Crustaceans of the Land: the Lobster Mushroom

THE LOBSTER mushroom (Hypomyces lactifluorum) is actually a combination of two fungi, with one parasitizing the other. In the PNW, the short-stemmed russula (Russula brevipes) is the host, a rather unexceptional mushroom. When parasitized by the lobster, however, it’s transformed into a day-glo orange delight, with firm white flesh and a slightly marine scent and taste. The lobster attacks while the host is still developing underground, sometimes twisting it into tortured shapes and covering the gills until they are nearly undefined, as you can see in the image above.

There are a couple of potential downsides to lobsters. First, depending on where they’re fruiting, they usually require lots of cleaning. The rough, parasitized surface collects duff and dirt like a magnet, and the strange shapes can sometimes trap soil deep in contorted clefts and cavities. Second, bugs like the mushrooms as much as we do. Slice open a lobster and you might be confronted with a maggot-riddled interior. Luckily, mine were almost entirely bug-free.

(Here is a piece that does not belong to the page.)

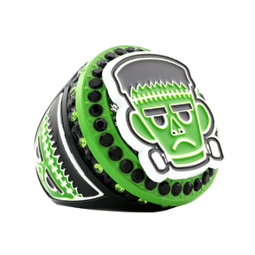 Featuring a sleek black base with vibrant green accents, the ring is fully lined with black and green gemstones for maximum impact. At the center, the stylized Frankenstein face brings a fierce, instantly recognizable look, outlined for sharp contrast. Matching side panel graphics carry the theme all the way around, making this design pop from every angle.

I like making the classic French dish duxelles with lobsters. The contrast of the outer orange and inner white looks almost like lump crab meat, and the taste of the lobsters is perfect for this dish. Duxelles was reputedly created by famous French chef François Pierre La Varenne (1615–1678), author of Le cuisinier françois and one of the first to codify French cuisine, in honor of his boss, Nicolas Chalon du Blé, marquis d’Uxelles.

Lobster Mushroom Duxelles

1 lb lobster mushrooms, cleaned and finely diced
1-2 shallots, finely diced
1/2 cup or more heavy cream
parsley, chopped
fresh herbs, chopped
cognac
butter
salt and pepper

Saute diced shallot in butter until translucent. Add lobsters and cook on medium-high until the mushrooms have expelled all their water, 5 to 7 minutes. Season with salt and pepper to taste. Deglaze with a splash of cognac. Slowly stir in cream along with whatever herbs you like and simmer until desired thickness. Garnish with chopped parsley.

Serve duxelles over thinly sliced baguette or mash into a paste for Beef Wellington and other recipes.